BEGIN

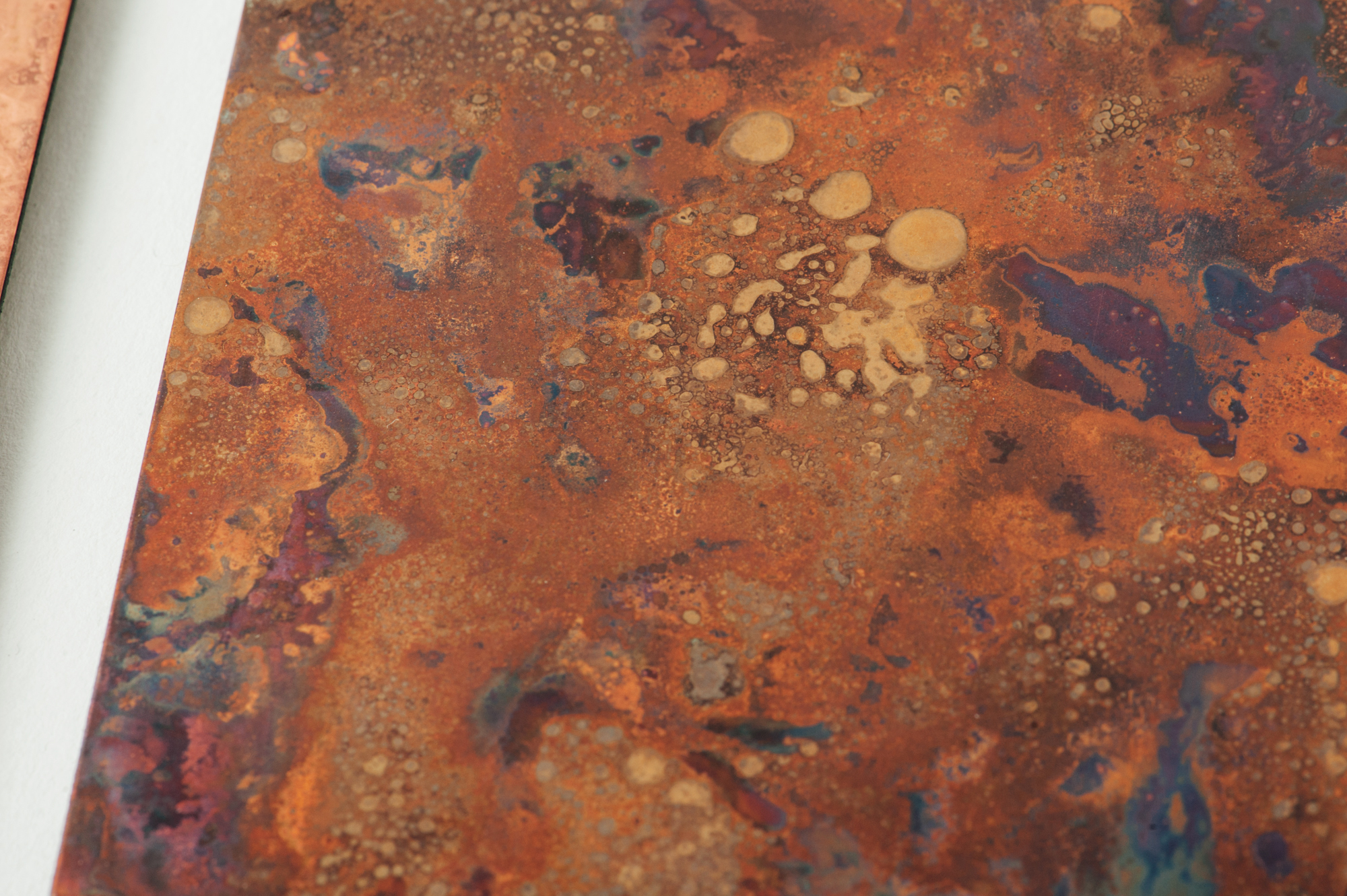 每件作品都是由職人手工製作, 以不斷地融合、重覆煮烤、浸泡的傳統技法使銅腐蝕而帶出優雅色澤的顯色技術, 充分展現出金屬充滿深度之美。
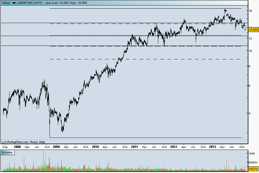 m05h Escreveu:Todas estas análises são válidas, para mim são mais uma razão para manter a acção sob vigilancia apertada. Desta vez entrei a 13.600 e enquanto os 13.500 não forem quebrados não vejo razões para preocupação, O RSI e stochastic estão de novo a chegar a minimos, temos um gap de 69 centimos para fechar, 11 milhões de dividendos a entrar este mês e no próximo, um trimestre que costuma ser bom para o retalho com as festas de fim de ano, e como diz o momenta um salto por cima da velha LTD. O cenário de fundo duplo nesta conjuntura não me parece provável, para ser confirmado tem que quebrar a neckline que se encontra nos 16€. Estou optimista para a semana. Como isto é uma espécie de peer reviewed trading digam de vossa justiça, isto é apenas a minha opinião.
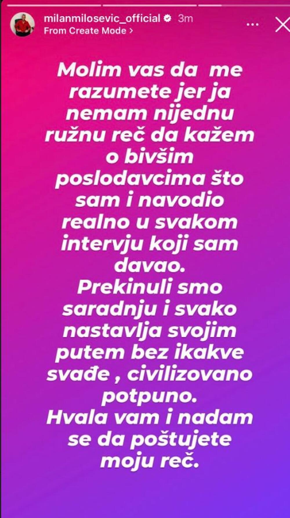 Naime, Milan se sada oglasio na svom Instagram profilu i otkrio zbog čega je došlo do prekida saradnje sa televizijom Pinkom.
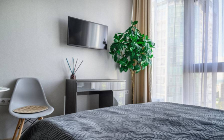 СТИЛЬНАЯ студия с новым дизайнерским ремонтом в ЖК Метрополь. Вид из окна на пышную зелень парка Дендрарий. Открыв окно, Вы можете наслаждаться благоухающим свежим воздухом и пением птиц. Большая и удобная двуспальная кровать, оснащенная кухня, холодильник, TV, Wi-Fi, фен, утюг, стирал. машина, кондиционер, мягкие белоснежные полотенца и постельное белье, средства для душа.
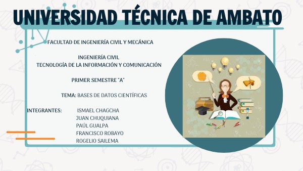 FACULTAD DE INGENIERÍA CIVIL Y MECÁNICA INGENIERÍA CIVIL TECNOLOGÍA DE LA INFORMACIÓN Y COMUNICACIÓN PRIMER SEMESTRE "A" TEMA: BASES DE DATOS CIENTÍFICAS INTEGRANTES: ISMAEL CHAGCHA JUAN CHUQUIANA PAÚL GUALPA FRANCISCO ROBAYO ROGELIO SAILEMA
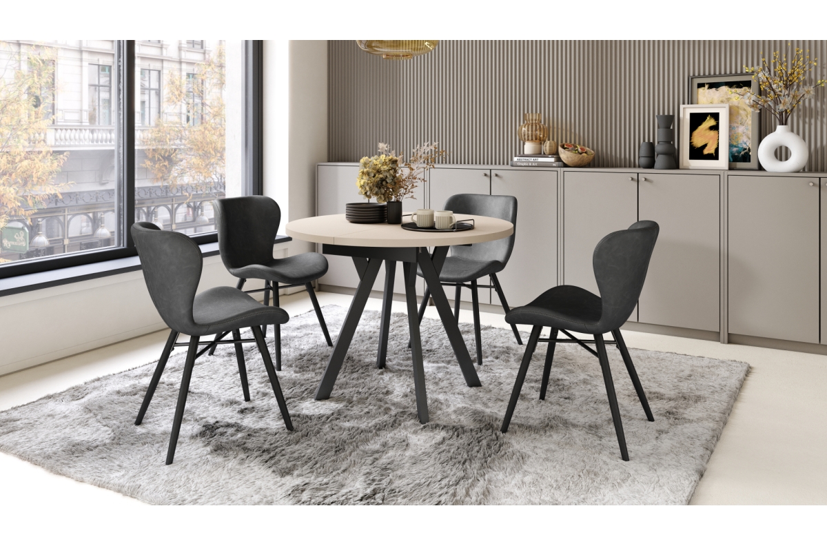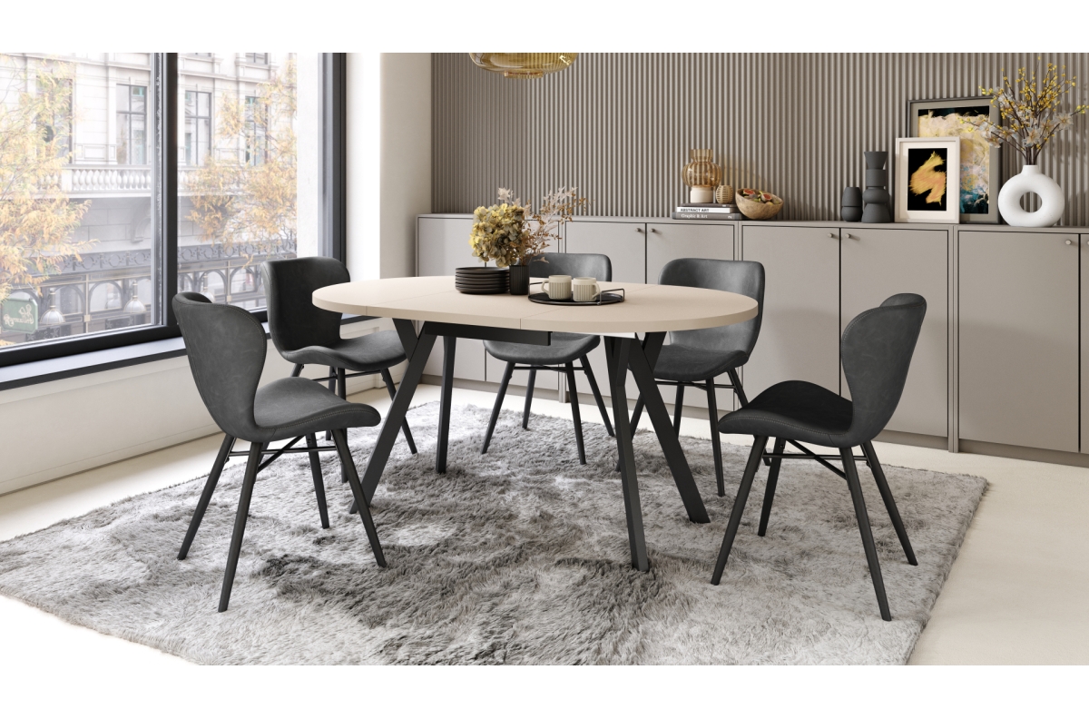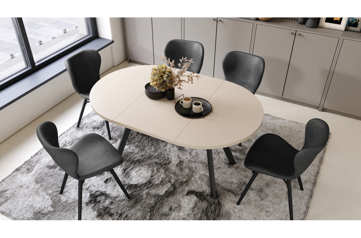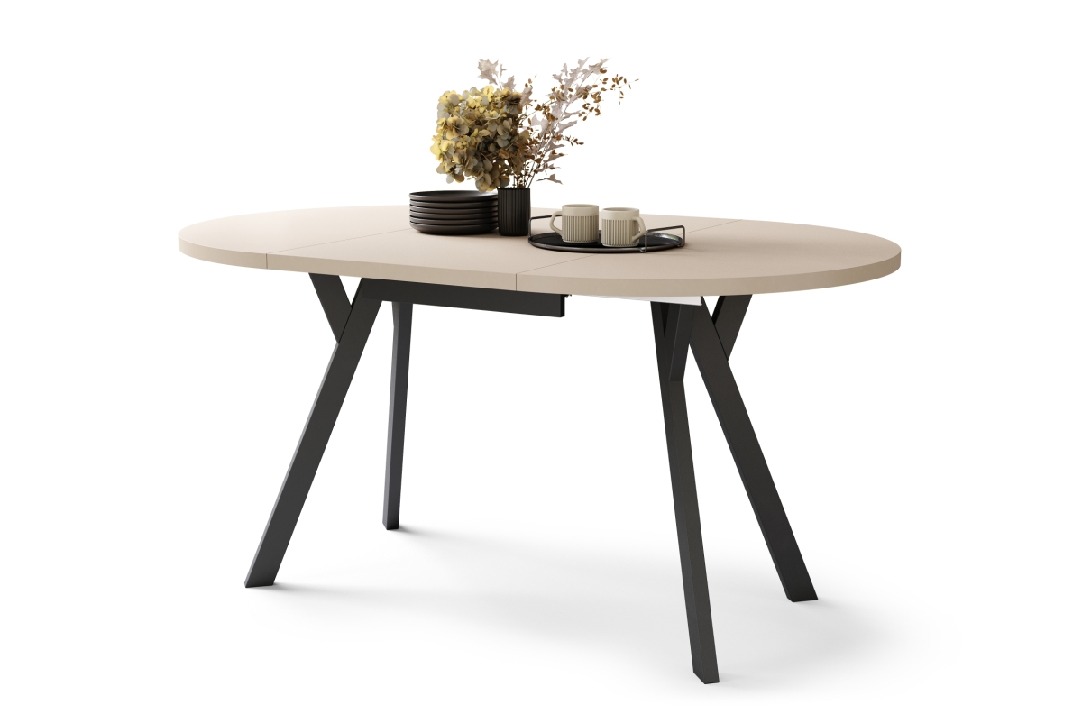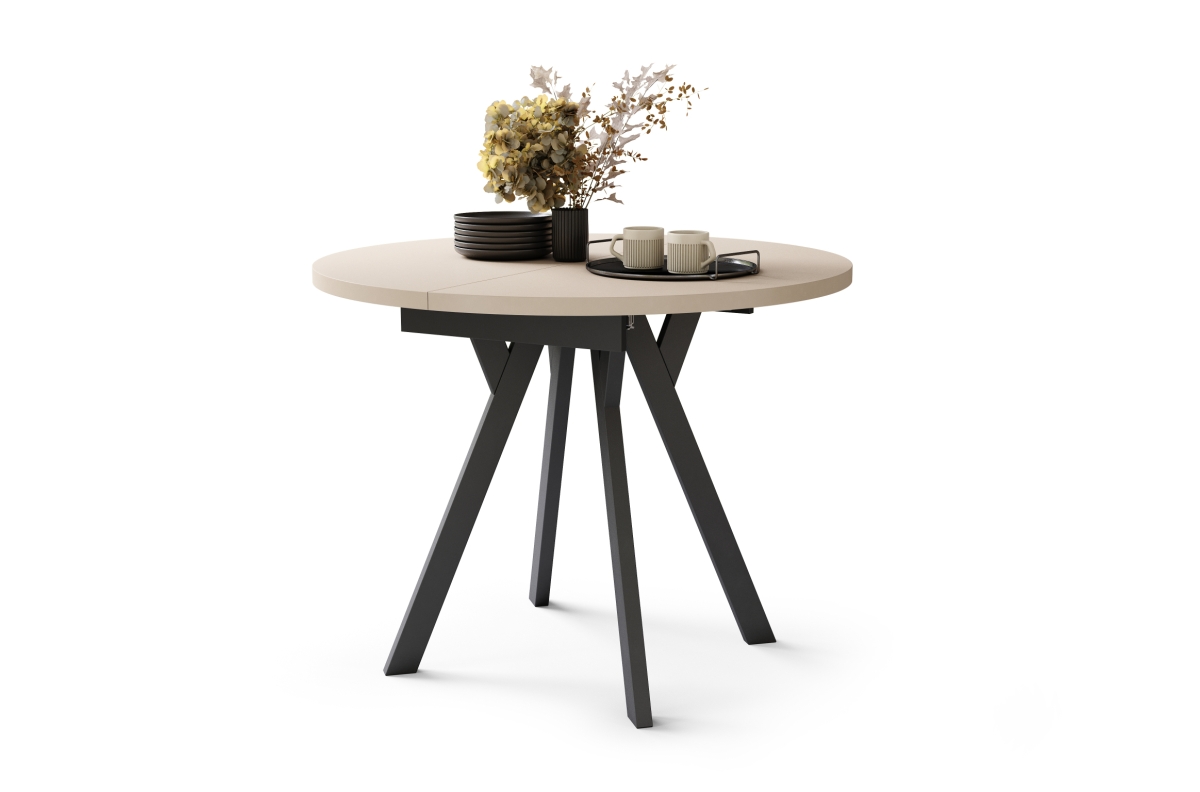 ALDO Smėlio/juodos kojos – APVALUS IŠTRAUKIAMAS STALAS SU Y FORMOS KOJOMIS, LOFT/INDUSTRIAL, SVETAINEI/VALGOMAJAM

END

Assignment :: Lines from the one that holds "FACULTAD DE INGENIERÍA" through the final line of the material are to be duplicated exactly; no pictures belong in the copy.

Written solution ::
 FACULTAD DE INGENIERÍA CIVIL Y MECÁNICA INGENIERÍA CIVIL TECNOLOGÍA DE LA INFORMACIÓN Y COMUNICACIÓN PRIMER SEMESTRE "A" TEMA: BASES DE DATOS CIENTÍFICAS INTEGRANTES: ISMAEL CHAGCHA JUAN CHUQUIANA PAÚL GUALPA FRANCISCO ROBAYO ROGELIO SAILEMA
 ALDO Smėlio/juodos kojos – APVALUS IŠTRAUKIAMAS STALAS SU Y FORMOS KOJOMIS, LOFT/INDUSTRIAL, SVETAINEI/VALGOMAJAM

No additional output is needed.